Starting with the first line of the data below, copy each line up to and including the one containing "LEMON is a fresh, citrus-scented". Pictures stay out.

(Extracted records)
______
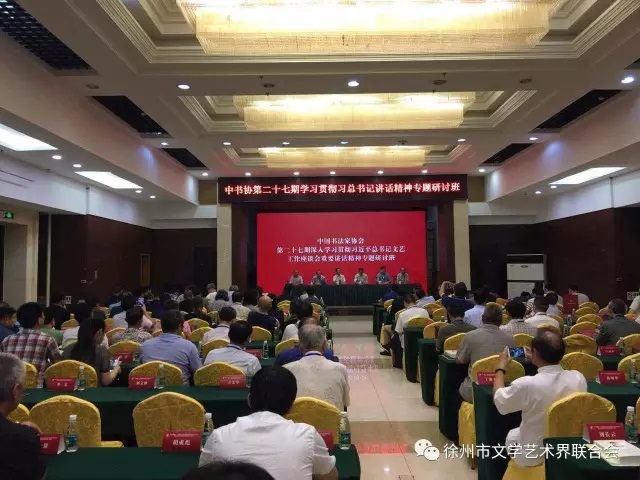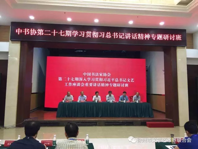 根据中宣部、财政部、文化部、新闻出版广电总局、中国文联、中国作协联合印发《2016—2017年全国文艺骨干和管理干部培训工作规划》及中国文联统一部署,中国书协于6月20日至23日在徐州举办第27期“中国书法家协会会员深入学习贯彻习近平总书记文艺工作座谈会重要讲话精神专题研讨班”。此次研讨班旨在引导广大文艺家、文艺工作者深刻领会习近平总书记文艺工作座谈会和中国文联十次代表大会上重要讲话精神以及党中央关于文艺工作、文联工作的重要指示精神。
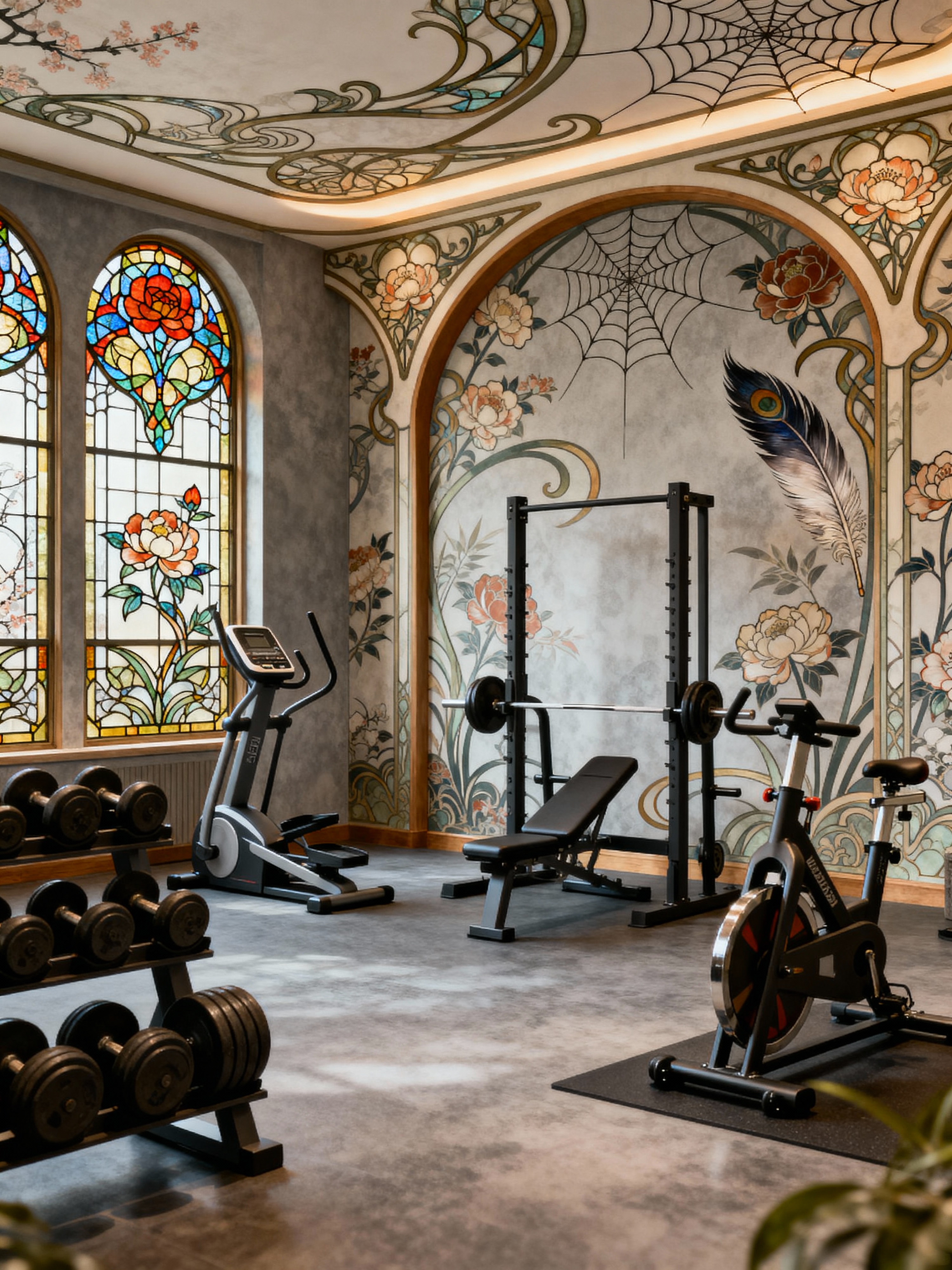 fitness gym with art nouveau style with dumbbell stand and crosstrainer and bench press and squat rack and exercise bicycle and dumbbell stand. . with stained glass and japanese motifs and wallpaper patterns of stylized flowers and arches and curved forms and wallpaper pattners of spider webs and ashy colors and wallpaper patterns of feathers and natural materials
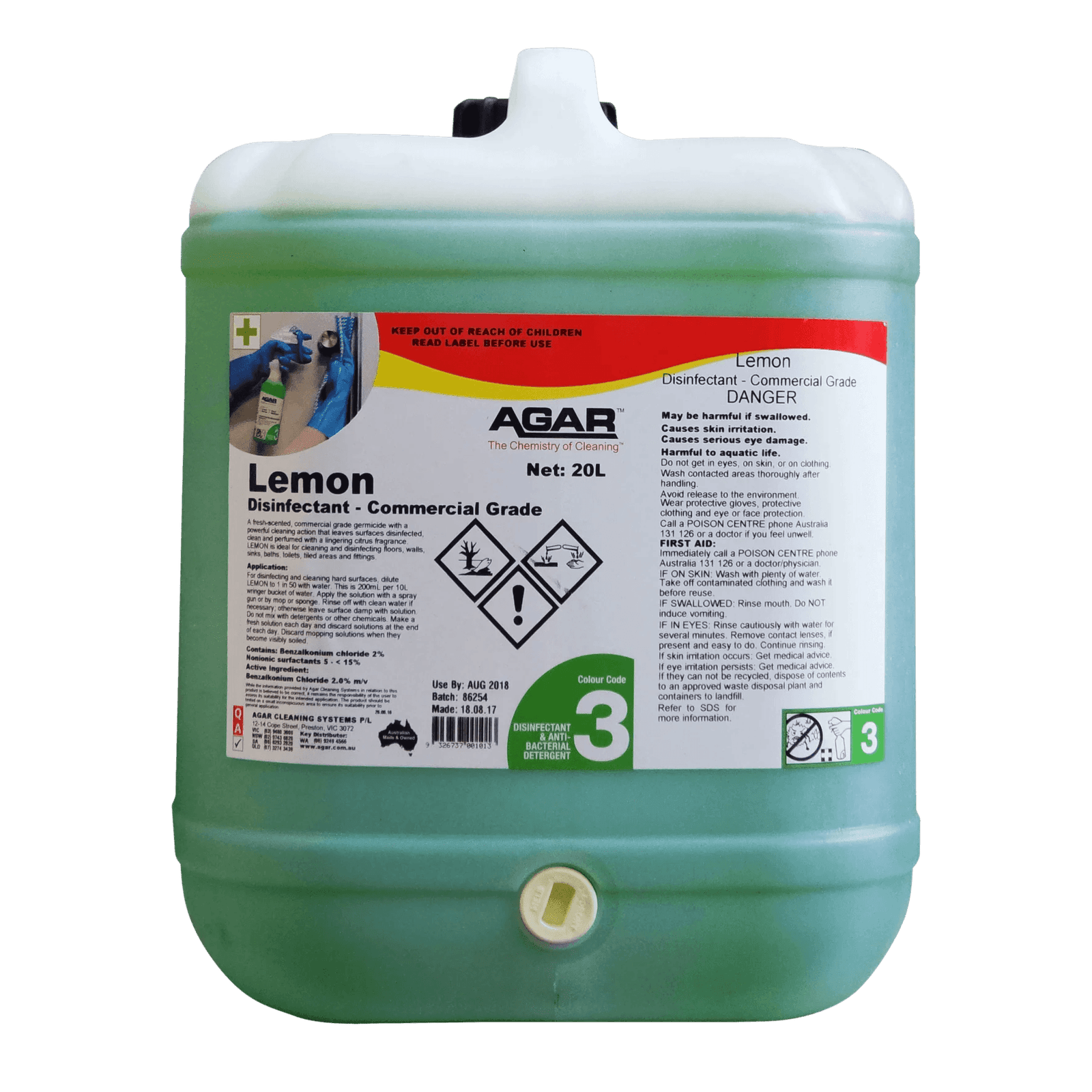 LEMON is a fresh, citrus-scented Commercial Grade Disinfectant with a powerful cleaning action that leaves surfaces disinfected, clean and perfumed with a lingering lemon fragrance.
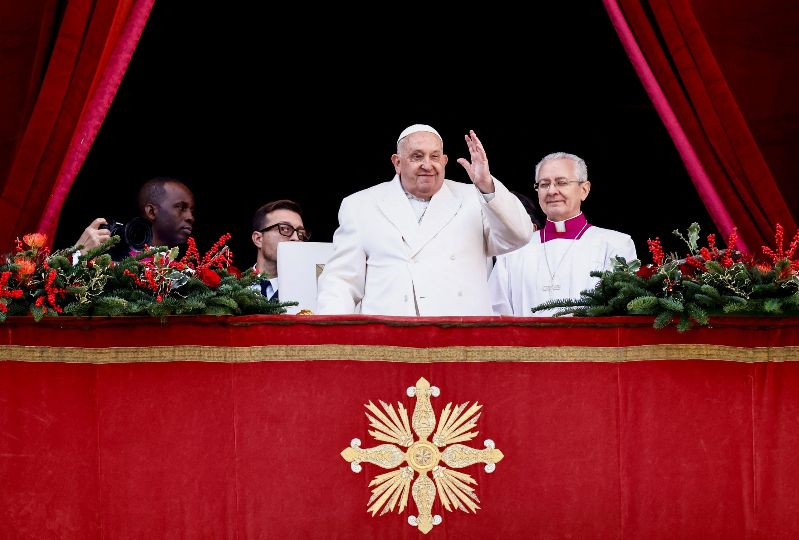 Die Weihnachtsbotschaft und der Segen Urbi et orbi sind Höhepunkte der christlichen Weihnachtsfeier. Mit einer Prozession zur Heiligen Pforte im Petersdom hatte Franziskus am Dienstagabend die Weihnachtsfeiern begonnen. In einer feierlichen Zeremonie zum Heiligen Abend öffnete der 88 Jahre alte Pontifex, der im Rollstuhl saß, die außerhalb Heiliger Jahre von innen zugemauerte Heilige Pforte und durchschritt diese. Die bronzene Tür wird nur anlässlich Heiliger Jahre aufgemacht. An der Zeremonie beteiligte sich auch die rechtsnationale italienische Premierministerin Giorgia Meloni. 30.000 Pilger hatten die Mette auf Bildschirmen auf dem Petersplatz verfolgt.
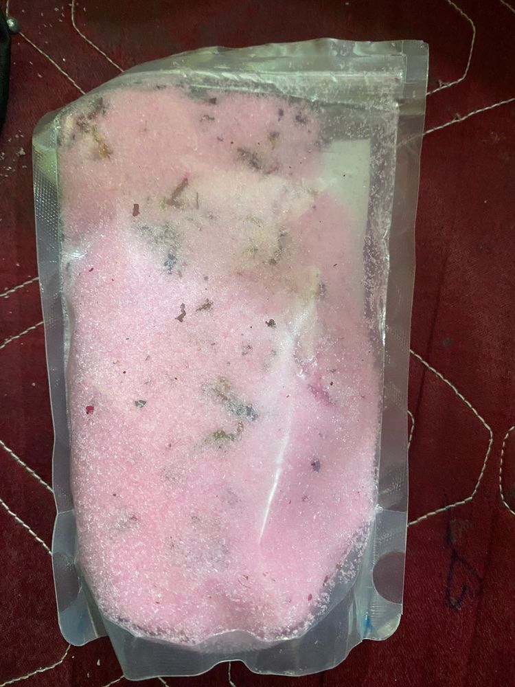 Epsom Salt for pain relief with dry rose petals in it new never used just buy
______
▶ **The answer**
 根据中宣部、财政部、文化部、新闻出版广电总局、中国文联、中国作协联合印发《2016—2017年全国文艺骨干和管理干部培训工作规划》及中国文联统一部署,中国书协于6月20日至23日在徐州举办第27期“中国书法家协会会员深入学习贯彻习近平总书记文艺工作座谈会重要讲话精神专题研讨班”。此次研讨班旨在引导广大文艺家、文艺工作者深刻领会习近平总书记文艺工作座谈会和中国文联十次代表大会上重要讲话精神以及党中央关于文艺工作、文联工作的重要指示精神。
 fitness gym with art nouveau style with dumbbell stand and crosstrainer and bench press and squat rack and exercise bicycle and dumbbell stand. . with stained glass and japanese motifs and wallpaper patterns of stylized flowers and arches and curved forms and wallpaper pattners of spider webs and ashy colors and wallpaper patterns of feathers and natural materials
 LEMON is a fresh, citrus-scented Commercial Grade Disinfectant with a powerful cleaning action that leaves surfaces disinfected, clean and perfumed with a lingering lemon fragrance.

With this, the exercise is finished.